Nevertheless, there are further tools that were not included in our evaluation, even though they comply with the tool selection criteria proposed in Section 2.2.3, such as ISGAT¹² or Skosify,¹³ which were not yet available when this tool selection started. As the main interest of this work is the framework that supports comparisons, and not the final results for a given set of tools, a decision was taken to restrict the set of tools assessed to the original set.

3.2. Results

An analysis of the evaluation of the six tools is presented below. The first two issues, purpose and requirements, are not commented upon individually, because there are no significant observations worthy of mention. As noted in Section 2.3, the purpose was basically editing in all cases. The requirements in some cases include a need for prior installation of some other software package, such as MySql or Protégé, but all of the items necessary can be freely downloaded and installed in accordance with the instructions accompanying them without too much technical experience being required.

3.2.1. Functionalities

Table 1 summarizes the support of functionalities by the tools examined. Basic functionalities are supported by all of them. In addition, Dublin Core metadata are generally supported, even if not in all cases (only MultiTes and One-2-One did not support Dublin Core). The revision of thesaurus elements was enhanced in term-oriented tools such as TemaTres or One-2-One, while in concept-based tools this feature seems to be given less prominence. There were some differences in searching, although most of the tools supported string searches in several forms and all of them permitted searching for a string containing the input string. However, while some tools, such as ThManager and TemaTres, permitted searching only in Preferred Terms (or Preferred Labels), other tools extend the support to Alternative Labels, Notes or even Hidden Labels. Navigation is performed through relationships. However, One-2-One, PoolParty and ThManager also offer the possibility of browsing the thesaurus hierarchy. The merging of thesauri, which could be useful in some cases, is supported by One-2-One and by tools for which Semantic Web technologies played a major role in their development. This is logical, as merging of ontologies is an important issue for ontology developers in the Semantic Web context. Import and export of thesauri are generally supported, although there are some variations that will be commented upon later in relation to information interoperability. Historical logs seem to be treated as irrelevant for the developers of these tools, with the exception of One-2-One.
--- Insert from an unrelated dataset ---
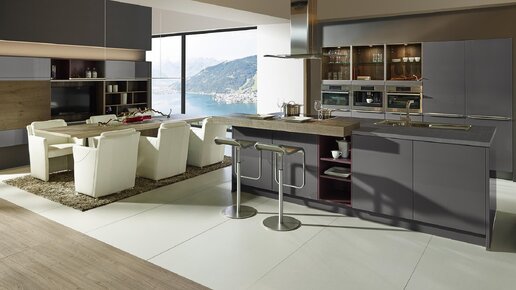 Угловые или Г-образные кухни универсальны, практичны и максимально функциональны. Кухня буквой Г может комплектоваться дополнительной рабочей зоной в виде острова, что позволяет расширить полезную площадь, не загромождая помещение. Сам угловой модуль в современных кухнях может быть как прямым, так и скошенным, что расширяет возможности по созданию эргономичного интерьера под запросы конкретного человека. Яркий пример углового интерьера кухни — Camelot Castle (Beckermann). Плюсы угловой кухни: Из минусов — Г-образный гарнитур подходит не для всех помещений...

3.2.2. Thesaurus constructs

The thesaurus constructs supported by each tool are shown in Table 2. In the first row, the basic constructs indicate what type the tool is: term-oriented or concept-oriented. All the tools are able to support the constructs necessary for the majority of thesauri. An interesting difference was found in the manner in which polyhierarchy is supported. While term-oriented tools, such as TemaTres, support it by duplicating the descriptor with more than one ascendant, in concept-oriented tools such as PoolParty, the concept was never duplicated, even if it participated in two narrower relationships. As for subdomains, this is a feature missing in most of the tools. In addition, there are differences in the range of Notes supported.

3.2.3. Integrity

Table 3 summarizes the results obtained in respect of the issues of integrity, interoperability and integration. There are differences with regard to integrity management. PoolParty and MultiTes passed all of the tests. At the opposite extreme, ThManager did not deal with integrity at all. In between came One-2-One, SKOSEd and TemaTres, which passed some of the tests, but failed others. Integrity management is an important issue for thesaurus creators, as the responsibility for checking it may, or may not, fall completely on them. It is worth noting that the status of a tool as a thesaurus tool or a SKOS tool has implications for certain integrity conditions, specific to thesauri, which are not supported by SKOS tools. For example, cycles in hierarchical relationships are allowed in SKOS (the resulting KOS is consistent), while in thesauri if a term A is broader than another term B, then B cannot be broader than A. This could be a criterion for preferring a tool, particularly when creating big thesauri. By contrast, for simply manipulating existing thesauri, this should not be a relevant point in influencing decisions.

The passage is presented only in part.